### [SUPPLIED INFORMATION]
────
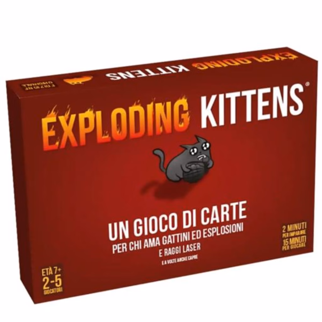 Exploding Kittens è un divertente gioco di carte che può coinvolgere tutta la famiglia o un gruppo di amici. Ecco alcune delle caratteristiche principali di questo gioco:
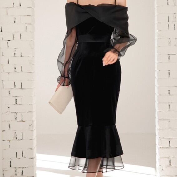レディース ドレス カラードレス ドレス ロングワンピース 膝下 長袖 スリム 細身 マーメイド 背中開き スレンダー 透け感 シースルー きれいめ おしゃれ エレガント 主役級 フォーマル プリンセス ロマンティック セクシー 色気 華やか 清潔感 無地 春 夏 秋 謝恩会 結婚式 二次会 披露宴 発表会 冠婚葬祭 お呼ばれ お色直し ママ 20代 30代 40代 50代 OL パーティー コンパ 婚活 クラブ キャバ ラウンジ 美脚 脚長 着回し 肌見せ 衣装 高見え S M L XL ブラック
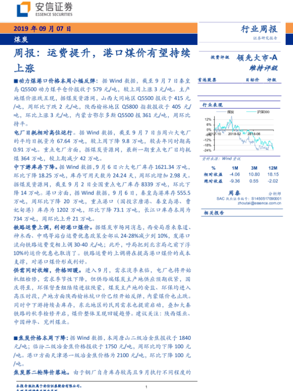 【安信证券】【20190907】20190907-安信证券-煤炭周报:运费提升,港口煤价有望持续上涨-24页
────
### [YOUR OBJECTIVE]
Restate the whole listing word for word. Omit the pictures.

### [SOLUTION TO THIS EXERCISE]
 Exploding Kittens è un divertente gioco di carte che può coinvolgere tutta la famiglia o un gruppo di amici. Ecco alcune delle caratteristiche principali di questo gioco:
レディース ドレス カラードレス ドレス ロングワンピース 膝下 長袖 スリム 細身 マーメイド 背中開き スレンダー 透け感 シースルー きれいめ おしゃれ エレガント 主役級 フォーマル プリンセス ロマンティック セクシー 色気 華やか 清潔感 無地 春 夏 秋 謝恩会 結婚式 二次会 披露宴 発表会 冠婚葬祭 お呼ばれ お色直し ママ 20代 30代 40代 50代 OL パーティー コンパ 婚活 クラブ キャバ ラウンジ 美脚 脚長 着回し 肌見せ 衣装 高見え S M L XL ブラック
 【安信证券】【20190907】20190907-安信证券-煤炭周报:运费提升,港口煤价有望持续上涨-24页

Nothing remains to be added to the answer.